These results correctly found Reno, NV.

However, this data is very pretty in it’s presentation, but it is not easily machine readable. The github documentation mentions how to get the data in JSON format. Let’s try to download the data for Reno.

(workshoptools) [hvasquezgross@cpu-53 training]$ curl wttr.in/Reno+NV?format=j1
{
    "current_condition": [
        {
            "FeelsLikeC": "7",
            "FeelsLikeF": "44",
            "cloudcover": "100",
            "humidity": "68",
            "localObsDateTime": "2023-10-25 03:53 PM",
            "observation_time": "10:53 PM",
            "precipInches": "0.0",
            "precipMM": "0.0",
            "pressure": "1014",
            "pressureInches": "30",
            "temp_C": "9",
            "temp_F": "48",
            "uvIndex": "3",
            "visibility": "16",
            "visibilityMiles": "9",
            "weatherCode": "296",
            "weatherDesc": [
                {
                    "value": "Light rain"
                }
            ],
            "weatherIconUrl": [
                {
                    "value": ""
                }
            ],
            "winddir16Point": "W",
            "winddirDegree": "260",
            "windspeedKmph": "15",
            "windspeedMiles": "9"
        }
    ],
    "nearest_area": [
        {
            "areaName": [
                {
                    "value": "Reno"
                }
            ],
[edit]

That’s a lot of text on the screen, but we did not actually save the data.

Let’s use redirection to save this into a file named reno.json. Then use less to view the contents

(workshoptools) [hvasquezgross@cpu-53 training]$ curl wttr.in/Reno+NV?format=j1  > reno.json
(workshoptools) [hvasquezgross@cpu-53 training]$ less reno.json

Now, we are going to use the jq tool to filter the data in the reno.json file for the hourly temperature. Covering how to use jq is outside the scope of this workshop. This is mostly just to simulate working with data in your research domain.

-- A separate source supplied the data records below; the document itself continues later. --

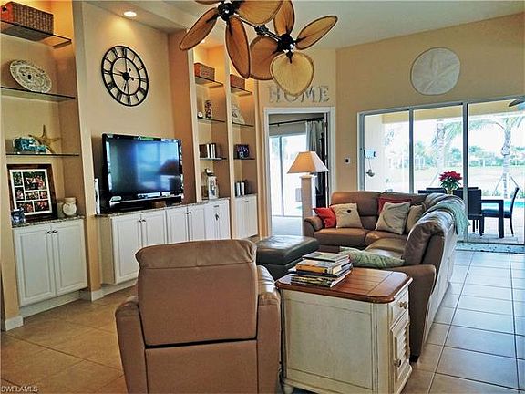 Spectacular Oakmont model with screened in-ground pool and spa overlooking intersecting canals. Property features: custom wall unit in great room, custom ceiling fans, stainless steel appliances, granite counter tops and backsplash, porcelain tile, and home alarm system. VeronaWalk offer: 24/7 guarded gated entry, over 20 miles jogging/hiking trails, lighted tennis, bocce ball, pickelball and basketball courts, community pool, lap pool, children's play area with equipment,and a 24/7 fitness center. The Town Center features: post office, travel agency, hair salon, ATM, restaurant, car wash, gas station, library, computer center, card rooms, hobby room, business center, ballroom and a full time activities director. VeronaWalk was awarded "Community of the year" for the State of Florida in 2014.
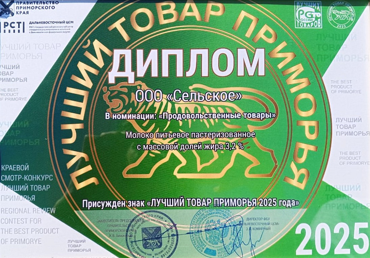 Молоко компании «Сельское», резидента свободного порта Владивосток (СПВ), удостоено знака «Лучший товар Приморья 2025» в номинации «Продовольственные товары» по итогам выставки «Приморские продукты питания». В создание молочной фермы в Ольгинском районе Приморского края инвестор в рамках соглашения с Корпорацией развития Дальнего Востока и Арктики (КРДВ) вложил 73 млн рублей, создано 110 новых рабочих мест для местных жителей.
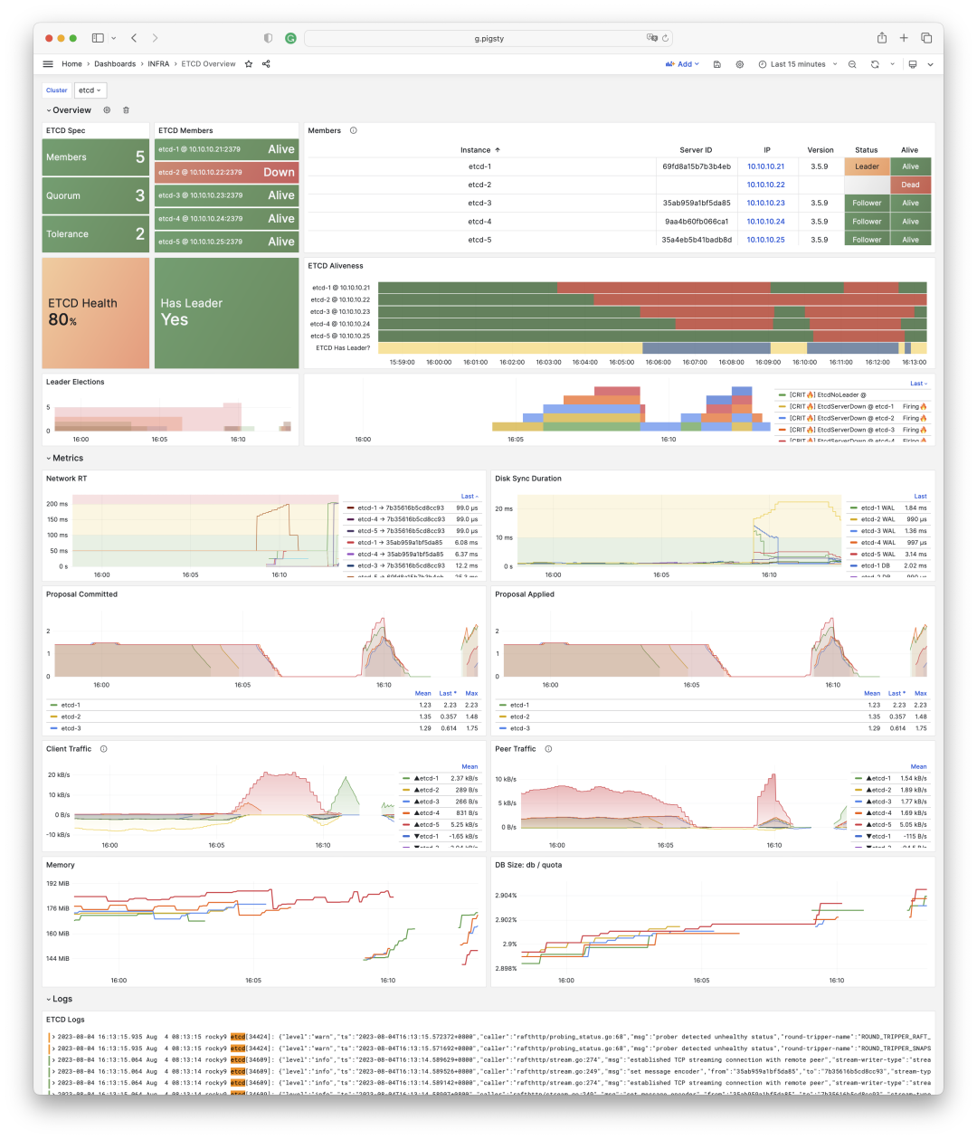 Etcd Overview 则使用 State Timeline 来可视化 DCS 服务的可用性状态。例如下图展现了一个模拟 etcd 故障的现场:在一个5节点的 ETCD 集群中依次关闭各个实例,集群可以容忍两个节点故障,但3个节点故障将导致 ETCD 服务整体不可用(黄色的条转为暗蓝色,代表 ETCD 服务整体不可用)。

(workshoptools) [hvasquezgross@cpu-53 training]$  jq ".weather[].hourly[].tempF" reno.json 
"48"
"44"
"44"
"54"
"57"
"48"
"44"
"38"
"38"
"40"
"37"
"35"
"46"
"52"
"44"
"36"
"33"
"31"
"30"
"41"
"50"
"56"
"48"
"41"

Let’s save the results as reno_tempf.tsv


(workshoptools) [hvasquezgross@cpu-53 training]$  jq ".weather[].hourly[].tempF" reno.json > reno_tempf.tsv

Writing your first SBATCH script

Performing this analysis runs quickly. However, you can imagine if you had a larger dataset or the programs you are running take much longer to complete, this would be time consuming to wait after each command to run the next command. Instead, we should write an SBATCH script to submit this to the SLURM job scheduler to run this analysis.

Writing a basic BASH/SBATCH script is doable for beginners. In fact, you have already essentially wrote a script by running the commands above!

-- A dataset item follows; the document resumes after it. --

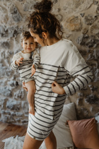 Ces considérations indépendantes l’une de l’autre se rejoignent cependant dans le bon développement de l’enfant et le bien-être de la parentalité. Deux défis que la marque de vêtement matchy matchy pour toute la famille, Copier Colait relève, en ajoutant à ses collections de vêtement famille, une version Milky Mama, pour allaiter discrètement.
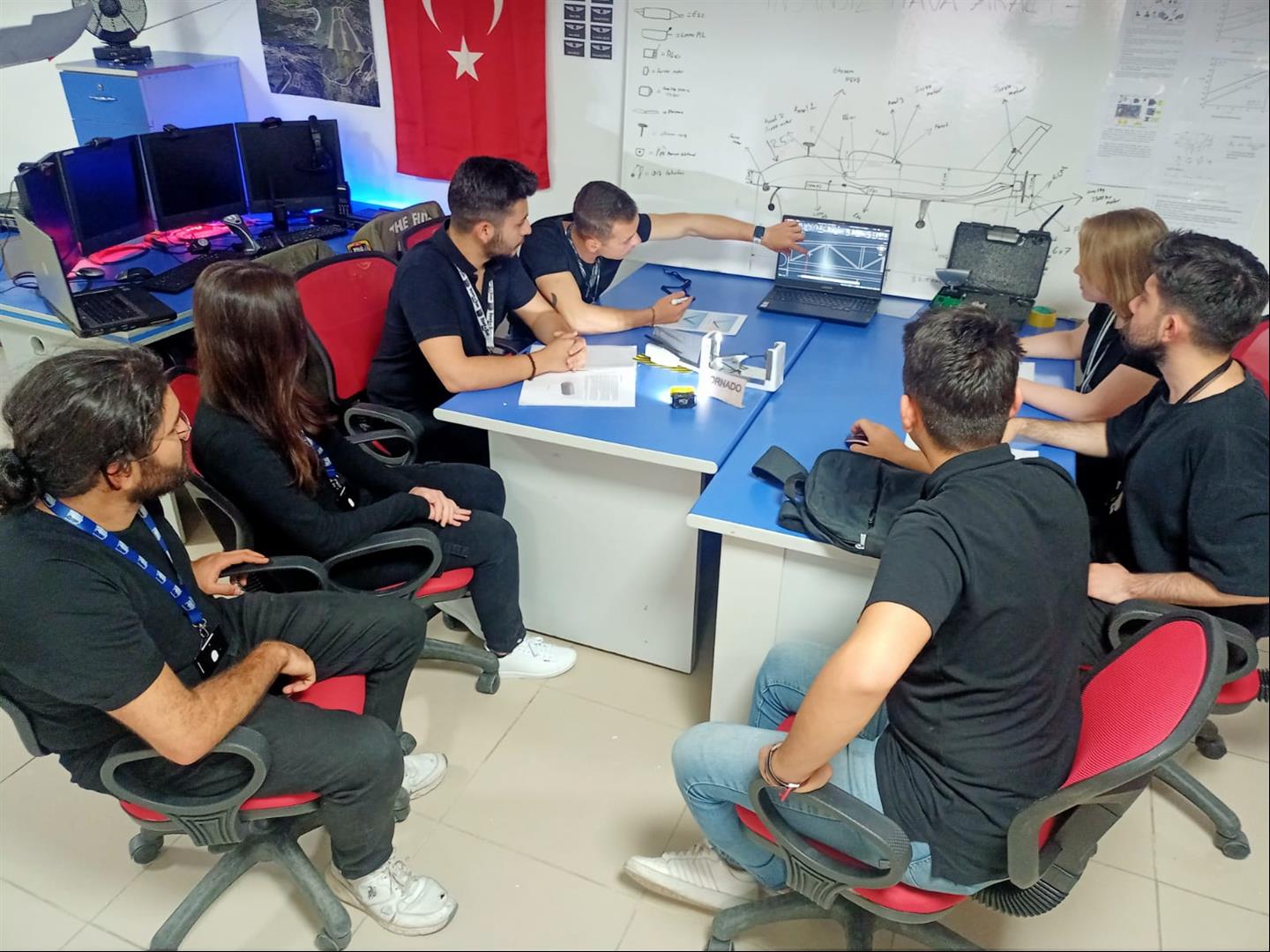 Ekip üyesi Abdurrahman Furkan Aşlak ve Kemal Tüysüz de “Tornado tasarım departmanında yer alan ekip arkadaşlarımızın bilgisayar ortamında tasarlandığı ihalarımızın teknik çizimleri ve 3 boyutlu çizimleri üretim departmanımıza ulaşıyor. Üretim departmanımız da ise insansız hava aracımızın (İha) kalıplarını üretip ardından iç elektrik akşam, motor ve pervanemizi de insansız hava aracımıza (İha) yerleştiriyoruz. Daha sonra montajımızı yapıp uçuşa hazır hale getiriyoruz. Uçuşa geçmeden önce insansız hava aracımızın (İha) montaj yapılan yerleri,iç elektrik aksamını ve motorların kontrolünü yaptıktan sonra insansız hava aracımız (İha) artık uçuşa hazırdır.” açıklamasında bulundular.

If we go back through our history and copy/paste the commands in the same order, they should run in the same manner when submitting the job. Let’s try this now.


(workshoptools) [hvasquezgross@cpu-53 training]$ nano weather_analysis_sbatch.sh

Now, go back to your history and copy/paste the commands. HINT You may want to use screen to be able to keep your text document open while looking at your history.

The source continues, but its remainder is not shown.